Полузаброшенный внутренний сад, окружавшая его колоннада с остатками красной и жёлтой краски. Вместо потолка над ним — решетка от птиц, махровая от крепкой закаменевшей пыли. Совершенно пустые дальние комнаты. Все тут вгоняло в уныние. И еще эта зыбкая тишина... Неужели он и вправду жил здесь по своей воле и никому ничего не говорил?
В южной стене белым пятнышком светилось единственное окно во внешний мир — больше дань замшелым военным традициям, чем необходимость. Если к стенам дворца подходил враг, одаренные должны были его видеть. Теперь граница отодвинулась почти к морю, на башнях стояли литые пороховые пушки, выглядящие гораздо внушительнее каких-то магов, да и самих одаренных почти не осталось. Вон, один Ланаси, который даже не подумал приказать убрать с окна паутину.
Императрице, впрочем, тоже давно не было нужды смотреть в такое же окошко у себя в покоях — за ним все двенадцать лет был один и тот же мир, далекий и пустой с высоты. Дворец — это же почти небеса. Он должен стоять высоко-высоко, чтобы внутри все походило на величественные чертоги Агизадири — холодные и пахнущие смертью.
В собственных покоях точно такое же окошко, вечно открытое, без ставни, душило императрицу. Оно было злым напоминанием о мире, где она когда-то была свободна и счастлива. Уже недосягаемом с ее небес мире.
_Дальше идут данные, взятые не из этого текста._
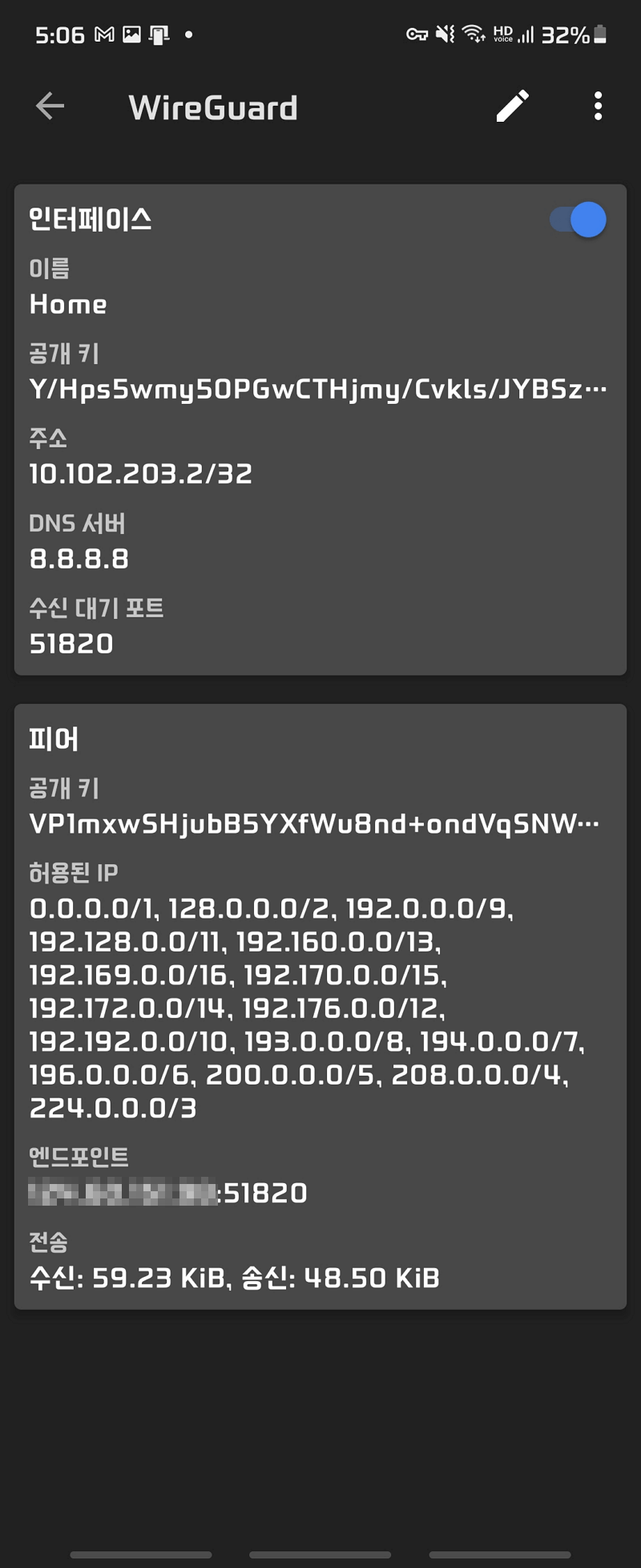 이제 WireGuard 서버에 생성된

Интересно, знает ли Ланаси что-то о жизни за стенами дворца, он ведь, в отличии от нее, никогда там не бывал? Ах, ну да. Он как-то обмолвился ей, что знает все — в этом его дар. Поэтому она сейчас и пришла.
Она хорошо помнила, как придворные жрецы искали дар ее новорожденной дочери. И облегченный вздох Ланаси, когда так ничего и не нашли. «Все к лучшему, матушка, поверьте, вас бережёт провидение...»
— Когда он проснется, мы скажем, что вы заходили, госпожа...
Императрица взглянула на тупые испуганные лица еще раз. Уже почти спокойно. С тихой ненавистью. А потом взяла с тумбы кувшин и вылила Ланаси в лицо все, что там было.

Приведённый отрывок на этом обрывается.